Church and Religious “Other” urges us to look at everything together. The volume is the fruit of conversations held in 2006 under the auspices of the research network Ecclesiological Investigations. From its beginning in 2002, the network has been global and ecumenical in membership. Its goals include “a firm commitment to exploring issues pertaining to pluralism, both religious and otherwise, as well as toward ethical debates of national, international, and intercontinental relevance,” and the exploration of these issues “across a variety of disciplinary, cultural, religious, and geographical boundaries.” Three other volumes were simultaneously published: Christian Community Now; Receiving “The Nature and Mission of the Church”; and Comparative Ecclesiology.

The thread binding the essays in this fourth volume is the necessity of acknowledging and welcoming our others—those who have been perceived as alien, excluded, unrecognized, co-opted, colonized; including, in various ways, women, racial, and ethnic minorities, people of different religions, even Christians more conservative or liberal than ourselves. We need to respect the other as other, welcome her as our neighbor and teacher, and allow her contribution to unsettle our familiar conversations. The volume collects sixteen essays under three headings. Section 1, “Ecumenical and Pluralist Contexts and Questions,” deals with community formation in border realms where religions and cultures meet, ranging from the geographical boundary of India and Pakistan to feminist reflections on power and community in the church. Section 2, “Church, Inclusivity, and Diversity,” seeks models for a more inclusive church. Section 3, “Constructive Explorations for the Future,” asks how churches can accommodate change and balance the necessary elements of continuity and ongoing diversification.

Gerard Mannion sets the agenda in his introduction. First, he says, we need to take seriously the category of the “other,” since “attention to otherness in a positive, ethical sense and the affirmation of the other as other is the greatest legacy and achievement of the postmodern era.” We must not only respect individual strangers, but also critique universalist worldviews that, with good intentions, deprive others of their uniqueness by making them just like ourselves. And we need to refurbish our communities as places where these others too are at home. Finding a way to do this is difficult, because there is no single authority that all respect, nor a single standard for the good and reasonable. Mannion therefore pleads for humble, patient dialogue, an ongoing, revisable, open-ended conversation that by its process and not merely its conclusions draws us together.

Even history is not safe, since understanding others requires reconsidering old stories from fresh, disturbing angles. Paul M. Collins reminds us how Roberto de Nobili, a great missionary scholar who adapted himself brilliantly to Indian culture, is today problematic, given how he embraced the hierarchies of caste that we would consider oppressive. John O’Brien explores Christian communities in Pakistan, where cultural, political, and religious factors complicate the very idea that the church has taken root there. Jenny Daggers links feminist critiques and interreligious dialogue, arguing that our failure to treat people of other traditions with dignity matches in deed and rhetoric our inability to see that women are full and equal members of the community.

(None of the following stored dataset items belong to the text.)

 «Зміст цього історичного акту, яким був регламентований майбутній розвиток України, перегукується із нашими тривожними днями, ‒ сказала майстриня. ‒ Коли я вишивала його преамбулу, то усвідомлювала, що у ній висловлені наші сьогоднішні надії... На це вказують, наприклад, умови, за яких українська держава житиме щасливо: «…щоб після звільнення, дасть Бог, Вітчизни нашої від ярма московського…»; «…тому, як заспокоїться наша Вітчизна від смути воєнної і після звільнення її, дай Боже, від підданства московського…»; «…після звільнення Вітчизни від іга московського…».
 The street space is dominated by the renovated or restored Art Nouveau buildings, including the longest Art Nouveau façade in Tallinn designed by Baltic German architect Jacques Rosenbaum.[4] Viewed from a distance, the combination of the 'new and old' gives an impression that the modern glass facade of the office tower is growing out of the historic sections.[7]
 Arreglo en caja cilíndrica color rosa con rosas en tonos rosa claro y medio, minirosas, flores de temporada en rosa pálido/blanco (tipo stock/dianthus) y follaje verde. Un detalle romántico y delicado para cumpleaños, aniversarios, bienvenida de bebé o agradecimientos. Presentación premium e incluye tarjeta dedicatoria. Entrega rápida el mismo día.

We also need to rethink debates occurring right now within our churches. The essays in section 2 remind us that when churches set boundaries too firmly to keep others outside, they end up dividing themselves again on the inside. Ecclesial conflicts are usually more than ecclesial, for the ecumenical, interreligious, and secular realms cannot be separated. Even “liberal” and “conservative” are no longer tidy categories, since we may push for progress in one area while resisting changes others find more important.

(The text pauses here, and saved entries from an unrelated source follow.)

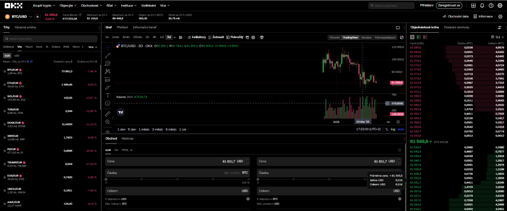 OKX je kryptoměnová burza, která nabízí obchodování s více než 350 kryptoměnami, včetně spotových a futures obchodů, opcí, P2P obchodování a NFT. K dispozici jsou také pokročilé nástroje jako copy trading, trading bot a staking. Platforma je přístupná přes mobilní aplikaci a web, což umožňuje efektivní správu investic pro začínající i zkušené obchodníky.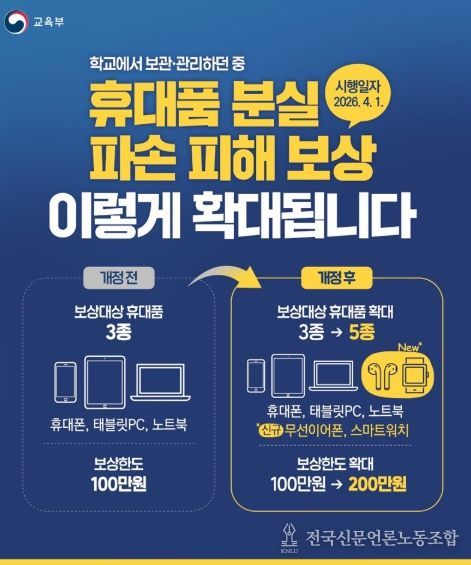 전국신문언론노동조합 강찬희 기자 | 학교에서 보관·관리하던 중 휴대품 분실·파손 피해 보상 이렇게 확대됩니다.
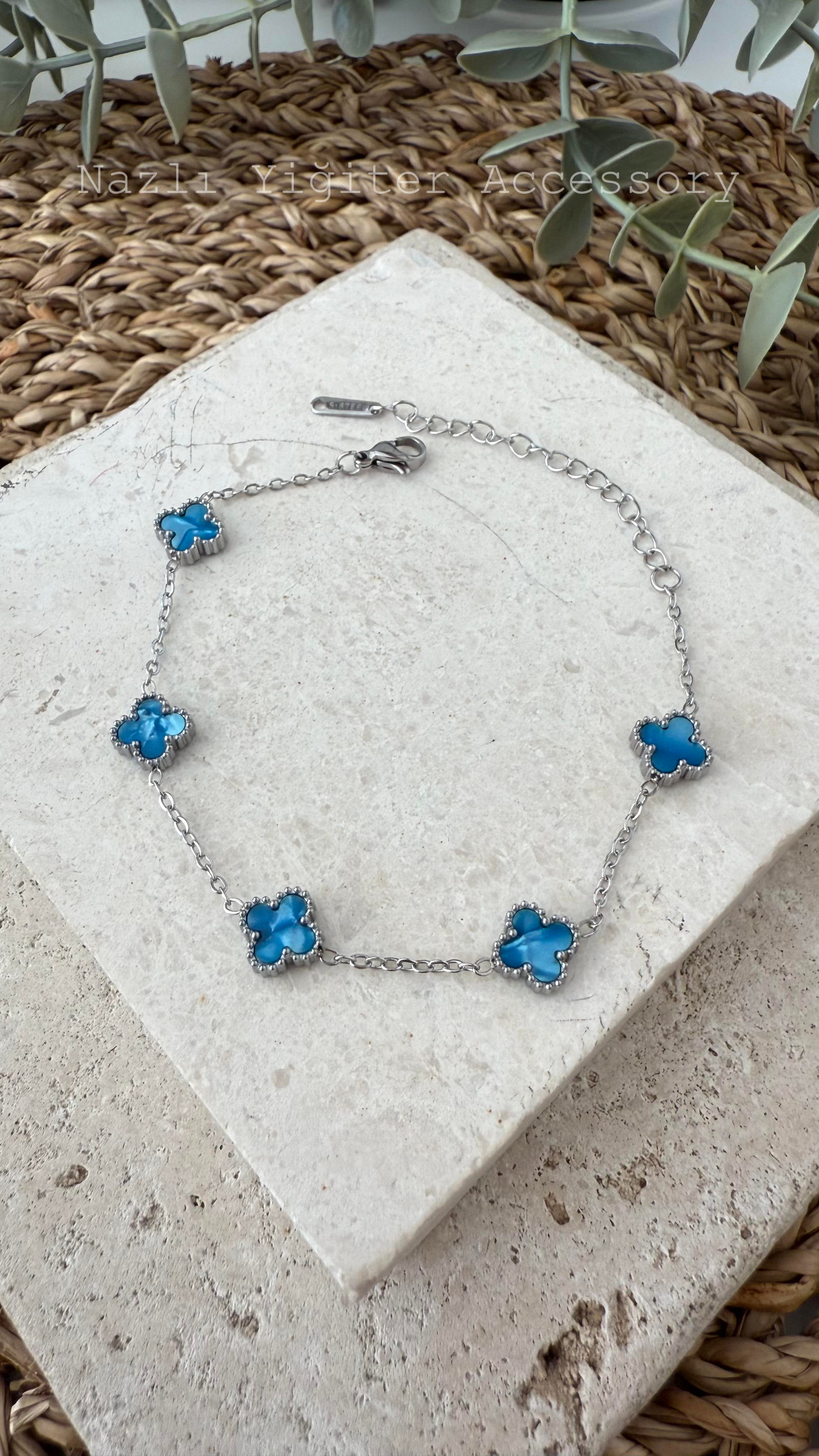 Çelik Gümüş Renk Mini Yonca Mavi Bileklik

Section 3 therefore asks us to think still more broadly about how Christians imagine this necessarily ongoing, unfinishable journey. Life overflows our diagnoses and our remedies, and so we need to keep listening—to fresh, prophetic voices but also, I would add, to older voices as well. If the conversation is so very complex, no one can be left out; we need the pope and other traditional religious leaders who, if no longer controlling where things go, nevertheless articulate positions that cannot be ignored. Perhaps future volumes in the Ecclesiological Investigations series will include contributors who are not Christian.

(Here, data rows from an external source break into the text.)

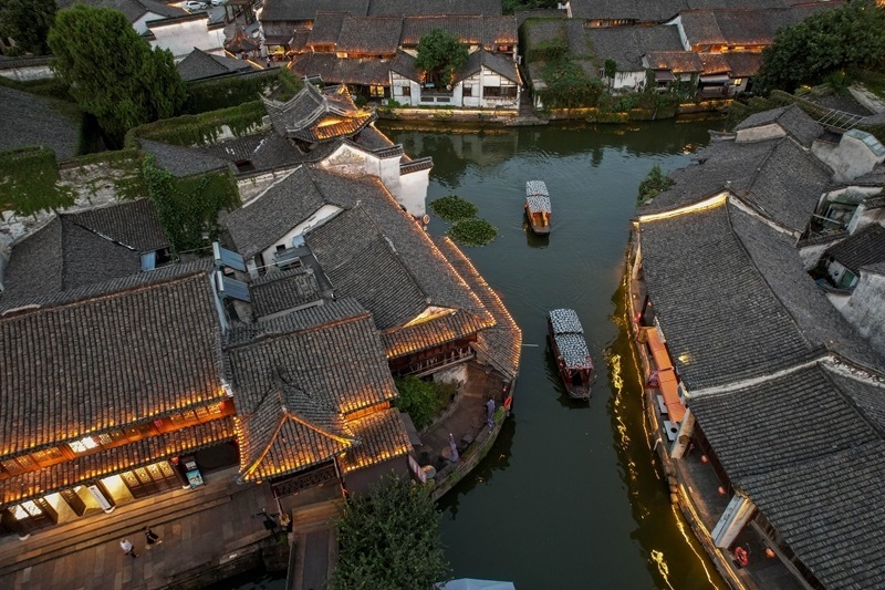8月9日傍晚,游客在浙江省湖州市德清縣新市古鎮(zhèn)游玩(無人機照片)。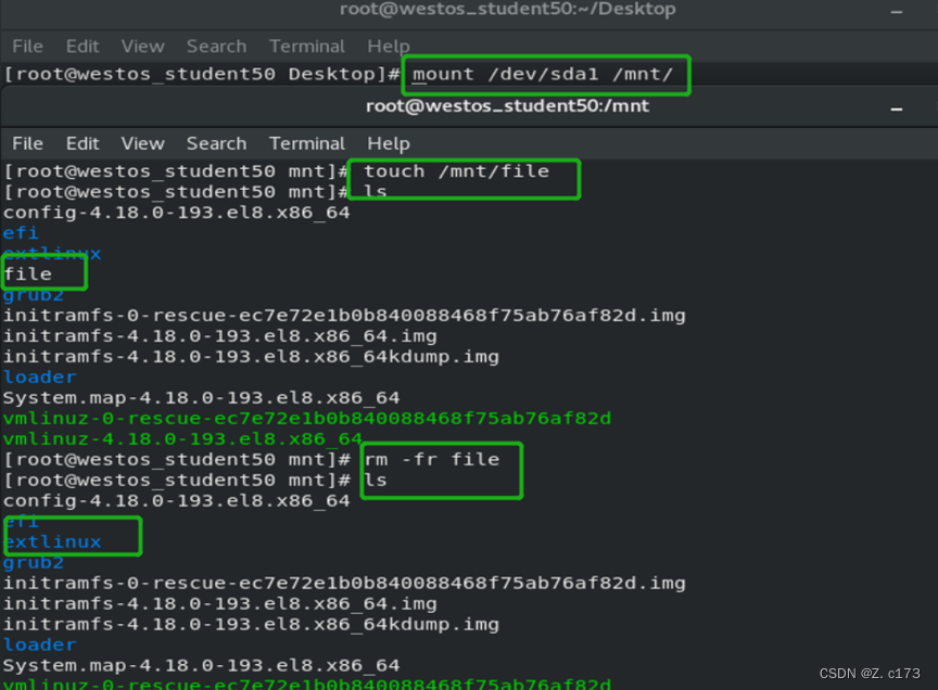 mount /dev/sdb1 /mnt/westos mount命令挂在为临时挂在,如果需要永久挂在需要编写/etc/fstab
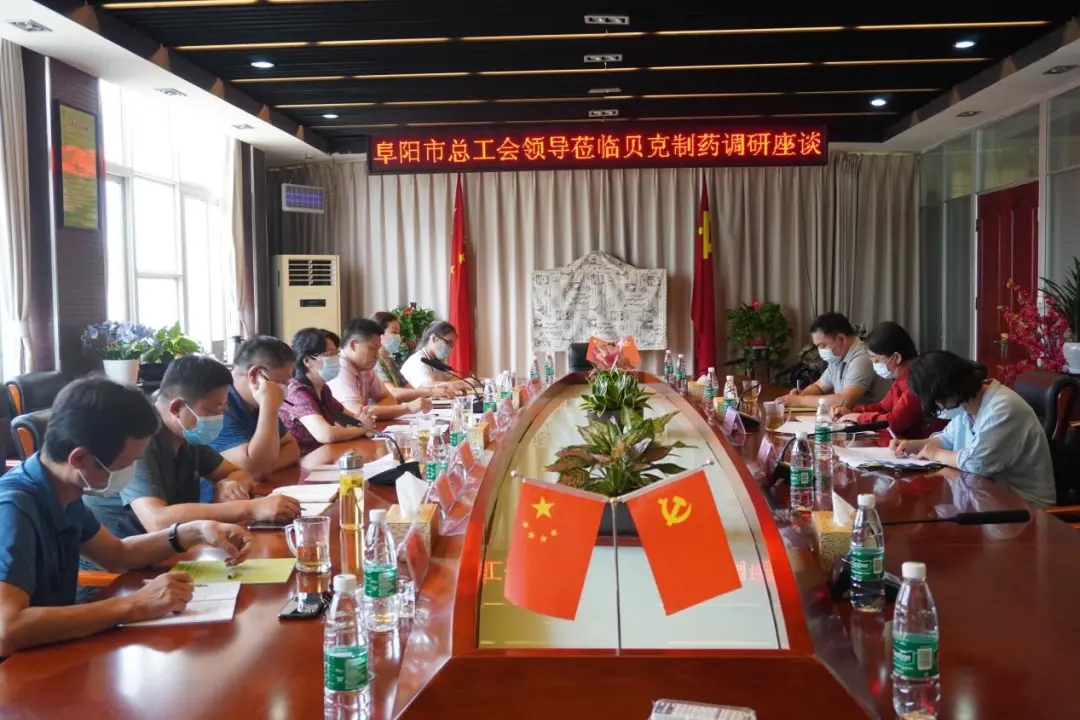 8月3日上午,阜陽市總工會黨組成員、副主席王玲玲一行來到貝克制藥調(diào)研,太和縣政協(xié)主席、縣總工會主席鮑黎,太和縣總工會黨組成員、經(jīng)審會主任鞏偉,國家稅務(wù)總局太和縣稅務(wù)局工會主席王峰,太和縣三塔鎮(zhèn)工會聯(lián)合會副主席張如君等領(lǐng)導(dǎo)參與調(diào)研座談。貝克制藥工會主席張華全程接待。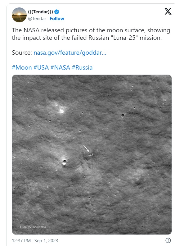 أظهرت لقطات وصور نشرتها إدارة الطيران والفضاء الأميركية "ناسا" أن مركبة الفضاء الروسية "لونا-25"، التي فشلت في الهبوط على القطب الجنوبي للقمر خلفت حفرة إتساعها 10 أمتار عندما تحطمت الشهر الماضي بسبب مشكلة فنية.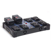ll caricabatteria a parete 8 ch BLUESHAPE Utility per il monitoraggio per batterie al litio con attacco V-Mount, carica fino a otto batterie contemporaneamente e offre due porte XLR per i dispositivi di alimentazione, il tutto consentendo la flessibilità di essere montati saldamente su una parete e facilmente smontabili per più accessibilità.

Mannion aptly summarizes the project’s aspirations: “We see in the Other and through otherness the reflection of the wondrous ground of being that Christians acknowledge as Wholly Other, the God who is unity in diversity. Churches today must resist any renewed temptation to embrace an existence alienated from the wider societies in which they find themselves and indeed to perceive themselves in opposition to the ‘world’ in general.” Instead, he says, “We should embrace the other as other and meditate upon the parable of the sheep and the goats. In whom do we find Christ today? The gospel teaches us that we find him in the most surprising of places.”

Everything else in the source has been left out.